T1 and T2 (Eight and 24 weeks after bariatric surgery)

At both time points, participants were examined medically, urine drug screenings, and in females a pregnancy test were performed. Moreover, possible changes in medication were documented. MRI measurements were performed at both time points using the same procedures and tasks as during the first scanning session.

Imaging procedure

fMRI food cue-reactivity task

All patients included in the current analyses underwent three different imaging sessions. During these sessions, patients laid in the scanner wearing MRI-compatible goggles, on which sets of visual food and neutral stimuli were presented using a block design. The task consisted of a total of 18 blocks of food stimuli and 12 blocks of neutral stimuli. Each block comprised of a series of five food or neutral pictures. Food stimuli were further divided in three categories: salty high-calorie, sweet high-calorie, low-calorie, yielding six blocks for each category. All stimuli were shown for 4 s (i.e. 20 s per block) in a pseudo-randomized order. Participants were instructed to closely watch each picture and were informed that they will be asked to rate their subjective craving. In-between each picture block, patients were asked to rate their current craving for food on a visual analogue scale (VAS) that ranged from 0—“very weak” to 100—“very strong”. The fMRI took 18 min. Food stimuli chosen were rated according to their ability to induce food craving by 44 voluntary participants at our institution [17] and neutral cues were taken from the International Affective Picture Series [28].

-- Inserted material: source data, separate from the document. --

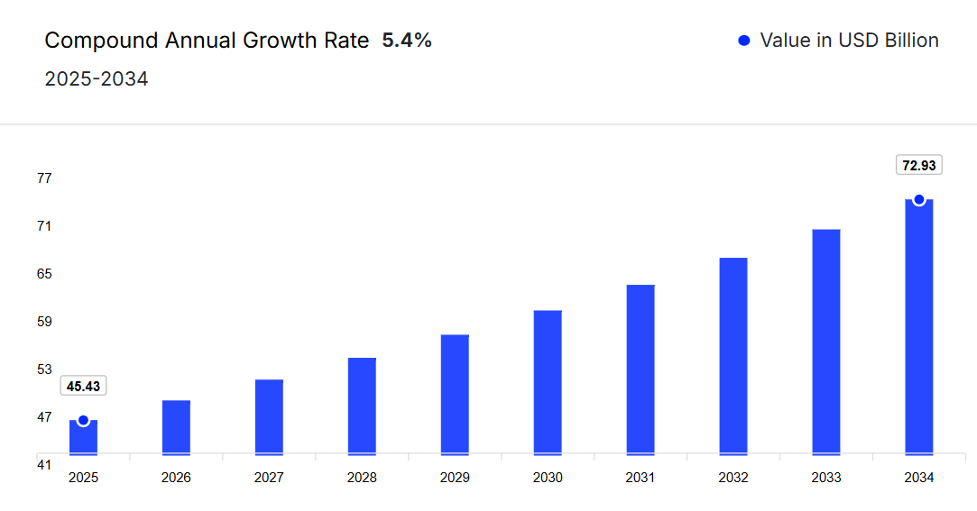 2025年から2034年にかけて、市場は年平均成長率(CAGR)5.40%で成長すると予測されております。
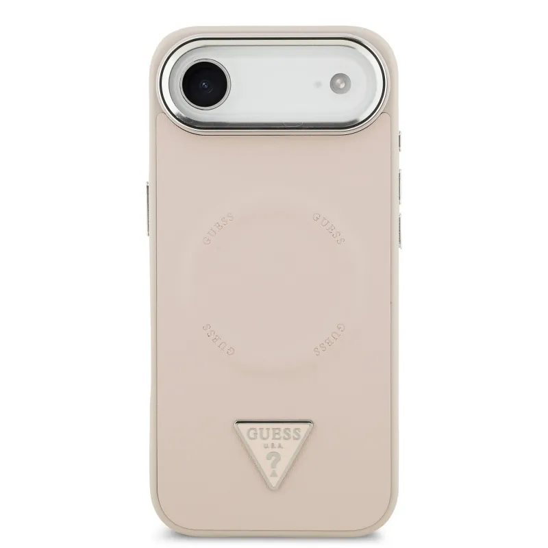 Guess PU Leather Triangle Logo MagSafe Zadní Kryt pro iPhone Air Pink
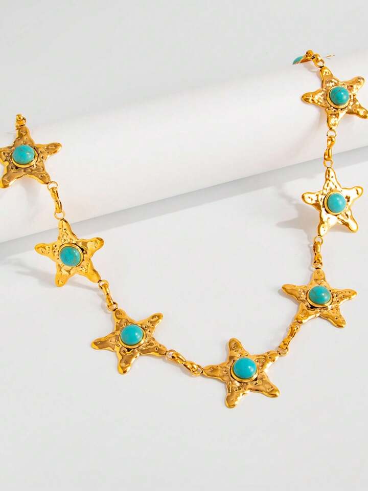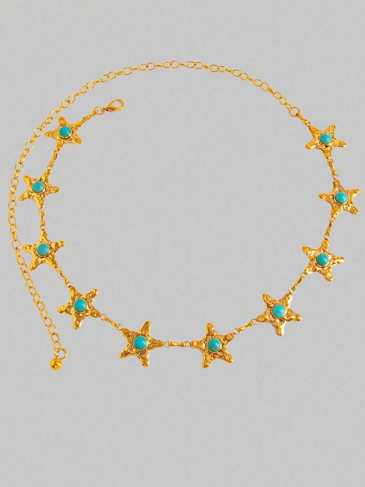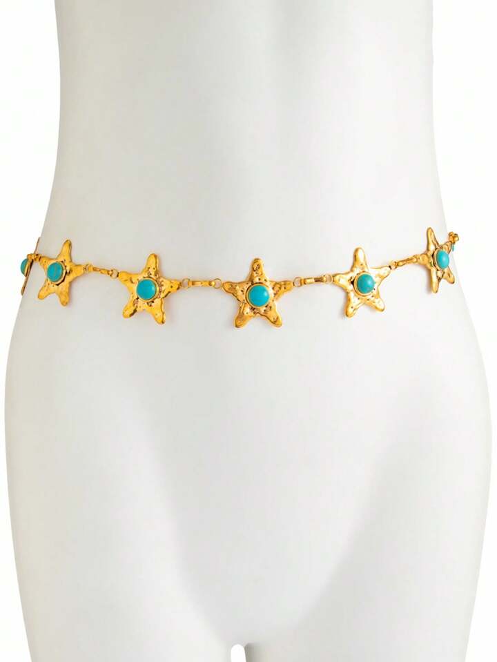 Fairycore 1pc Women's Sexy Metallic Starfish & Turquoise Waist Chain
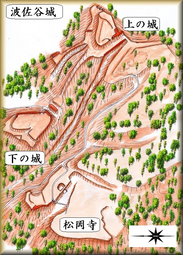 上の城は比高70m、下の城は比高40m、松岡寺は比高30mほどの所にある。
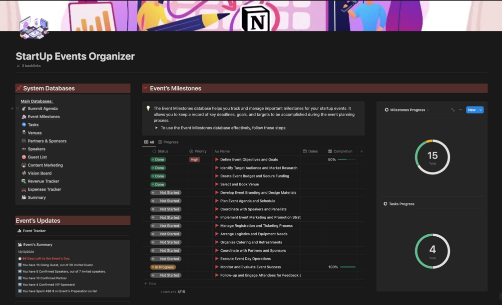 Are you an event manager looking to organize and plan successful events for your company? Look no further! The Startups Events Organizer Notion Template is designed specifically for you. It is the ultimate tool that will revolutionize your event planning process and guarantee a smooth experience for your team and attendees.
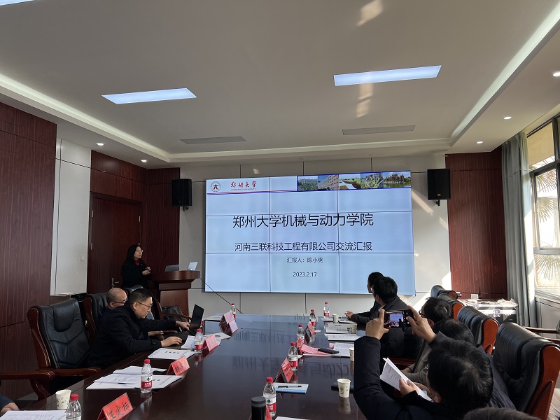 王定标书记首先介绍了郑州大学机械与动力工程公司的基本情况,并详细介绍了团队力量、科研成果、产学研合作项目等。河南三联科技工程有限公司技术总监何吉祥介绍了公司的基本情况,并就公司的业务范围、业务成果、技术特点、技术需求、人才需求等方面做了具体说明。
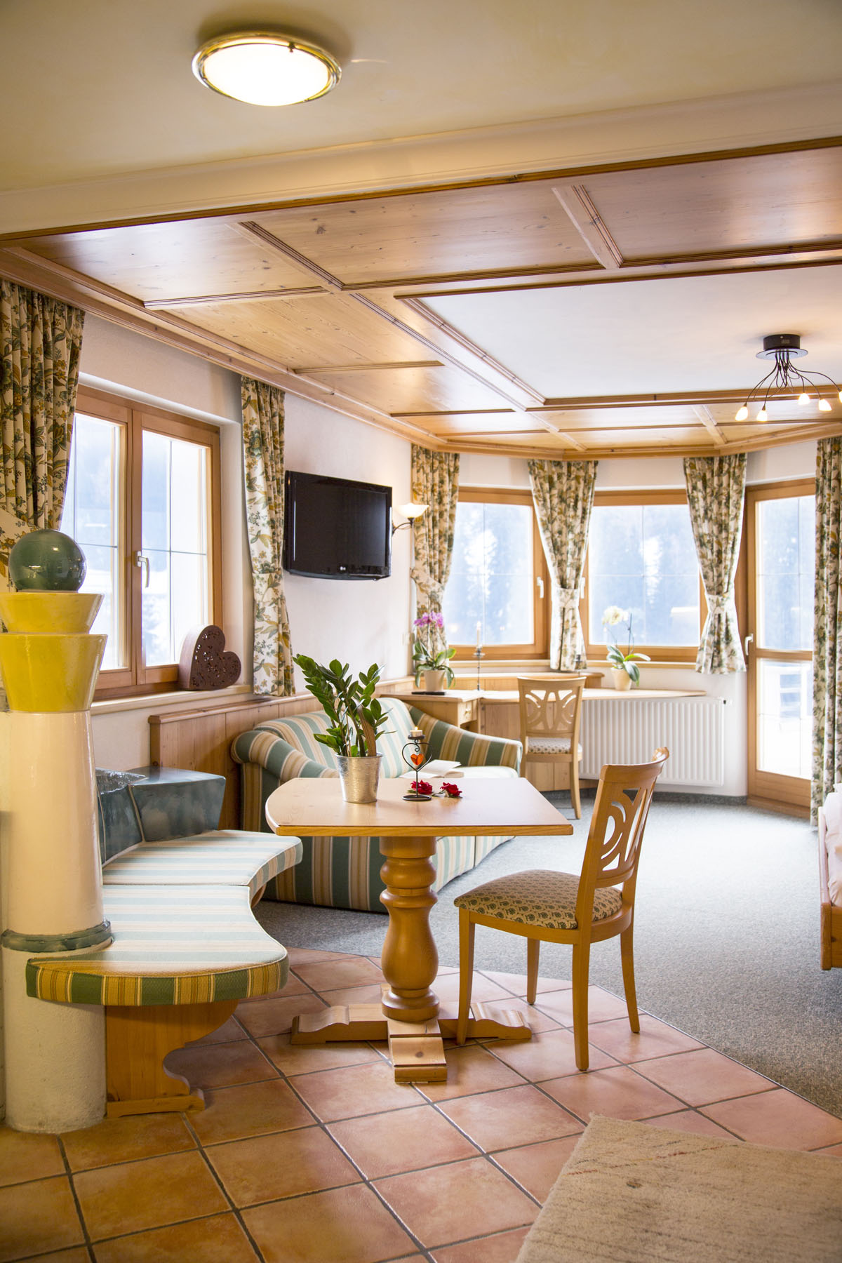 Die Studios und Apartments sind im klassischen alpenländisch-tiroler Stil eingerichtet und bieten eine behagliche Wohnatmosphäre. Jede Wohneinheit verfügt über eine eigene Küche oder Kochnische, einen gemütlichen Wohnbereich sowie einen elektrischen Kachelofen, der nach aktiven Tagen in den Bergen für wohlige Wärme sorgt.

fMRI acquisition and pre-processing

A total of 453 images T2*-weighted, echo planar images covering the entire brain were acquired during the food cue task using a 3-T whole-body tomography scanner (MAGNETOM Trio with TIM technology; Siemens). Imaging parameters were: repetition time = 2.41 s, echo time = 25 ms, flip angle = 80°, number of slices = 42, slice thickness = 2 mm, voxel-gap = 1 mm, voxel dimensions = 3 × 3 × 3 mm3, field of view = 192 × 192 mm2, in-plane resolution = 64 × 64. The short echo time and the 30° flip angle to anterior commissure–posterior commissure orientation was chosen to minimize susceptibility artefacts. Stimuli were presented using Presentation software (version 9.9, Neurobehavioral Systems Inc.) and MRI-compatible goggles (MRI Audio/Video Systems; Resonance Technology Inc., CA).

Functional-imaging data were processed and analyzed using SPM8 and SPM12. The first five scans were excluded from imaging analyses to avoid any artefacts caused by the effects of magnetic saturation. All images were realigned spatially (movement was considered excessive with > 2 mm translation or > 2° rotation), normalized to a standardized EPI template from MNI (Montreal Neurological Institute, Quebec, Canada), and smoothed using an isotropic Gaussian kernel for group analyses (full width at half maximum: 8 mm).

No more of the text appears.